The 2009 year was a watershed for 403(b) plans.  For the first time the Department of Labor (“DOL”) issued regulations requiring 403(b) plan sponsors to operate their plans more in line with traditional 401(k) plans.  The new requirements include a written plan document, fiduciary oversight procedures, annual governmental reporting, and administrative controls to monitor employee deferral limits, loans, and other participant transactions.  In addition, the DOL issued a whole new set of participant and plan level fee disclosure regulations that also applied to 403(b) plans.

Complicating all of this for 403(b) plan sponsors was that many had operated their plans in a multi-vendor environment where employees were able to choose among several different financial institutions, including fixed and variable annuity providers and mutual fund companies.  As a result, compliance had to be coordinated among a disparate group of service providers and service arrangements.

Since 2009, plan sponsors working with their consultants and vendors have made significant progress in working through all of these issues and for the most part have brought their plans into compliance.  However, every year brings a new compliance challenge that was initially unforeseen.  The most recent challenge revolves around satisfying the annual independent audit requirement imposed on plans with over 100 participants.

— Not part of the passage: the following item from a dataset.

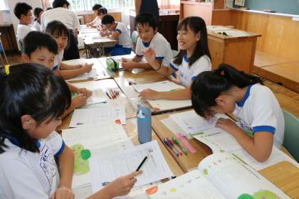 写真は、教育実習生による5年2組の「道徳」の授業の様子です!

ERISA requires plans with over 100 participants to engage a CPA to perform an independent audit of the plan’s financial statements and internal controls, and file the auditor’s report with the annual form 5500.  This was a new requirement for 403(b) plans in 2009. The scope of the audit required to be performed is dependent upon how the assets are held. If the assets are held by a qualifying financial institution – such as a custodian, trust bank, or annuity contract – then a “limited scope” audit is sufficient.  Under those circumstances, the auditor can rely upon a certification from the qualifying financial institution that it has the proper controls in place.  If assets are not held by a qualifying financial institution, then the auditor is required to perform a “full scope” audit, resulting in higher costs to the plan sponsor.

While the majority of 403(b) plan assets are held in qualifying custodial accounts or annuity contracts, many plans allowed mutual fund companies to set up accounts to receive contributions outside of a custodial or trust account arrangement.  Further, many 403(b) plan sponsors maintained companion 401(a) plans that housed employer-related plan contributions that mimicked the 403(b) plan investment options.  The mutual fund companies under those arrangements have historically sent a certification for the 401(a) plan, but not for the 403(b) since there was no audit requirement prior to 2009.  After 2009, there was a misconception that the 401(a) certification covered both the 401(a) and the 403(b) plans, as the new regulations were not clear.

Mutual fund companies have since sharpened their process and have surprised many plans sponsors with the fact that they will no longer provide the certification necessary to allow for a limited scope audit on a 403(b) plan, even though it appears as though they had done so in the past.  The bad news is if you find yourself in this position, you are now required to have your auditor perform a “full scope” audit in order to obtain a favorable auditor’s report and complete your 5500 filing requirement.  The good news is this can be avoided in the future by contacting the mutual fund company to request that your 403(b) plan be moved to a custodial or trust arrangement.  It is important to do this prior to the start of the next year so that you can avoid being faced with the same costly “full scope” audit for that plan year.